La formación de orina primaria en la gran mayoría de nefronas se da por ultrafiltración. Sin embargo,
en algunos teleósteos ocurre por secreción.

Estructura de la nefrona

La unidad funcional del riñón es la nefrona. La nefrona


es un tubo cerrado por un extremo, y que por el otro se
abre a un tubo colector para varias nefronas. Esto tubo
colector conduce a la pelvis renal, que está en contacto
con el uréter.

En el extremo cerrado la nefrona se expande y forma


la cápsula de Bowman. Asociada a ella aparece un
ovillo de capilares, denominado glomérulo. Está es la
estructura encargada de ultrafiltrar (generalmente) la
sangre al interior del tubo, formando así la orina primaria.
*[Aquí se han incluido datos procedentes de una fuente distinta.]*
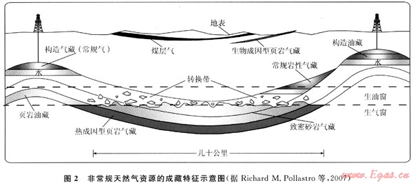 非常規(guī)天然氣資源的成藏特征如圖2所示。

Podemos diferenciar 3 regiones en cada nefrona:

● Proximal: Constituida por la cápsula de Bowman y el


túbulo contorneado proximal. Aquí es donde se da la
ultrafiltración.
● Asa de Henle: Gracias a esta estructura se consigue
una orina hiperosmótica.
● Distal: Formada por el tubo contorneado distal, que se
abre al tubo colector. Aquí se da una importante
reabsorción de agua y se reelabora la orina.

Estructura del riñón

Pueden diferenciarse 2 partes en el riñón:

● Corteza renal (capa externa): Contiene las cápsulas de


Bowman, los tubos proximales y distales, y las partes
iniciales de los túbulos colectores (unidas a las nefronas).
● Médula renal (capa interna): Contiene las asas de Henle y
la parte distal de los tubos colectores. Estas estructuras
aparecen dispuestas de forma paralela y ordenada.

El número de nefronas en un riñón es muy variable, pudiendo ir


desde varios centenares (en vertebrados pequeños) a más de un
millón (vertebrados grandes, como los humanos).

Evolución de la nefrona

La nefrona más primitiva es la que se encuentra en anfibios. Esta se


encuentra constituida por el glomérulo, el tubo proximal, un segmento intermedio carente de asa de
Henle y el tubo distal. Al carecer de asa de Henle los anfibios no son capaces de formar orina
hiperosmótica, por lo que tienen problemas para economizar el agua.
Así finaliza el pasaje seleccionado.